Ernährung der Zukunft

FoodTech: Eine Chance historischen Ausmaßes

Gutes Essen, zumal in Gesellschaft von Freunden und Familie, hat großen Einfluss auf unsere Lebensqualität und ist ein wesentlicher Bestandteil unserer Kultur. Was gibt es Schöneres, als gemeinsam eine wunderbare Mahlzeit zu genießen? Gesunde Ernährung ist lebenswichtig, da gibt es keinen Zweifel. Dennoch ist es trotz aller Anstrengungen noch nicht gelungen, den Hunger auf diesem Planeten zu besiegen. Etwa 750 Millionen Menschen fehlt ausreichender Zugang zu Nahrungsmitteln, und zwei Milliarden können sich nicht gesund ernähren. „Allein das ist schon Grund genug, sich mit unserem Ernährungssystem fundamental zu beschäftigen“, so Olaf Koch, Gründer der Venturecapital-Gesellschaft Zintinus, im Buch „Next.2030“. Er skizziert seine Vision der Ernährung der Zukunft.

19.04.2023

Die vergangenen Jahrzehnte waren im Wesentlichen davon geprägt, möglichst vielen Menschen Zugang zu guten und günstigen Lebensmitteln zu gewähren. Doch die Auswirkungen auf die Umwelt blieben dabei zu oft unberücksichtigt. Im Wettlauf um niedrige Kosten wurden Kompromisse in Kauf genommen, deren negative Auswirkungen sich jetzt immer deutlicher herauskristallisieren. Dabei ist die Erkenntnis, dass wir auf Nachhaltigkeit achten müssen, definitiv nicht neu.

Hatte uns nicht der Club of Rome schon vor 50 Jahren mit seinen „Grenzen des Wachstums“ deutlich gewarnt? Unsere Zukunft sei in Gefahr, hieß es, wenn wir weiter so täten, als hätten wir unbegrenzten Zugang zu den Ressourcen der Erde.
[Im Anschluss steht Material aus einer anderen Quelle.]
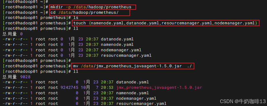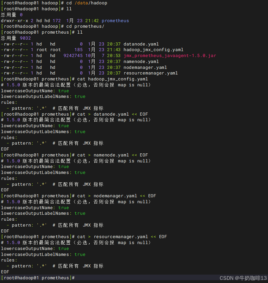 对hadoop监控,需要对namenode、resourcemanager、datanode、nodemanager、historyserver、journalnode、zkfc等基础组件进行监控,若hadoop还集成有spark、hbase、hive、kafka等,也需要对这些组件进行监控。操作方法基本一样(首先,需要创建每个组件的配置文件,启动jmx_exporter的时候需要指定配置文件,配置文件可以为空,但不能没有。因此,需要为每个组件创建一下配置文件,暂时设置为空就好。接着,修改hadoop的hadoop-env.sh文件)。
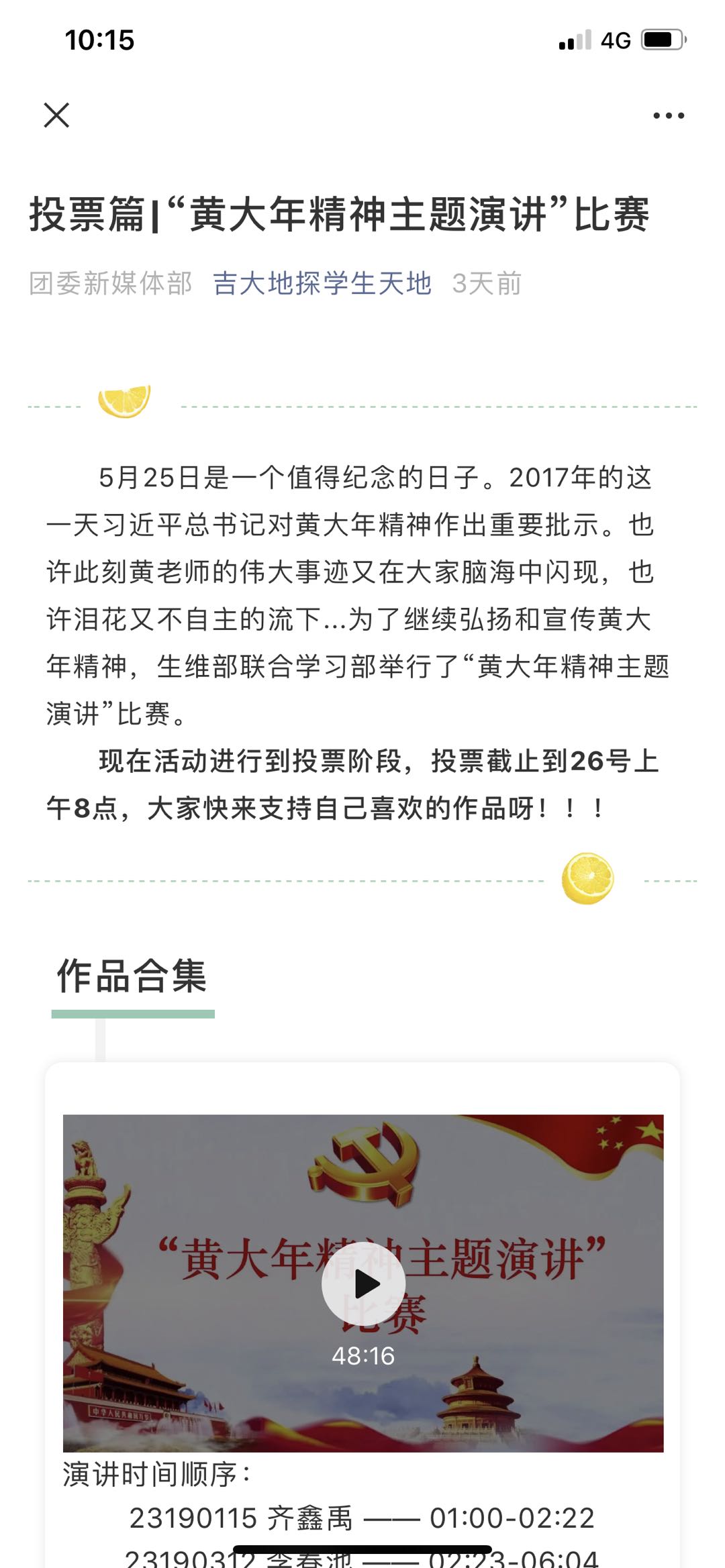 首先,齐鑫禹,李春池,黄佳慧,尚辰旭,张开宇,武永娜,董浩然,孙鹏,陈康贤8位同学依次进行了精彩的演讲录制,他们分别从黄大年老师的事迹,对其精神的认识和赞颂以及黄大年老师对自己的影响等方面展开演讲。随后,8份视频经过剪辑在微信平台展播,由大众评审进行投票。最后齐鑫禹获得一等奖,尚辰旭、张开宇获得二等奖,黄佳慧,武永娜,董浩然获得三等奖。
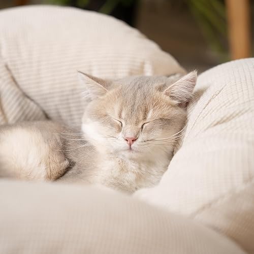 Breathable Comfort: The petal-shaped cushion features shed-resistant fabric—soft and highly breathable—filled with high-density resilient foam that retains its shape even after machine washing, offering cats or small dogs a cozy resting nook. (Note: Allow cushion to fully expand after first unpacking for optimal comfort.)
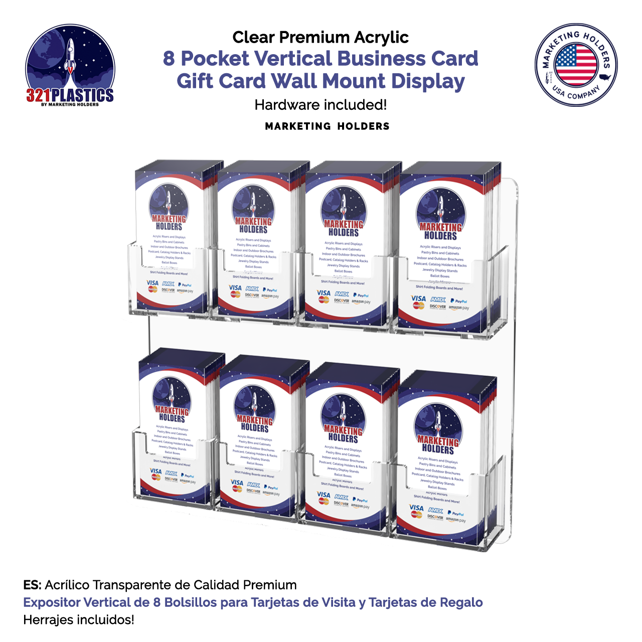 8 Slot Gift Card Retail Holder Card Display Contact Wall Mount Vertical Pockets

Das war 1972. Heute ist die Bewältigung der Erderwärmung als Folge der Ausbeutung natürlicher Ressourcen eine der drängendsten Aufgaben unserer Zeit.
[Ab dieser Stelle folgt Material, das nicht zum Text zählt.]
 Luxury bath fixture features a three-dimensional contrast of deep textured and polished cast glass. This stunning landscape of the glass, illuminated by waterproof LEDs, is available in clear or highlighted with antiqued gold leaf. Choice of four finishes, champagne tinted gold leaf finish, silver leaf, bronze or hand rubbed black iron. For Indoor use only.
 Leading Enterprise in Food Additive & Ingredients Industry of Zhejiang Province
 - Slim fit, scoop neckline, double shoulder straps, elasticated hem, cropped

Aber wo ansetzen auf der Suche nach einer Lösung?

Die großen Herausforderungen des Lebensmittelsystems

Auch wenn es viele Ursachen und Verursacher gibt, steht die riesige, globale Lebensmittelindustrie besonders im Fokus. Die weltweiten Lebensmittelumsätze haben im Jahr 2022 rund 8,8 Billionen US-Dollar erreicht. Nach Einschätzung der Vereinten Nationen ist das Lebensmittelsystem für etwa ein Drittel der weltweiten Treibhausgasemissionen verantwortlich und repräsentiert den größten Verbraucher an Frischwasser. Insbesondere die ressourcenintensive Fleischindustrie spielt dabei eine große Rolle.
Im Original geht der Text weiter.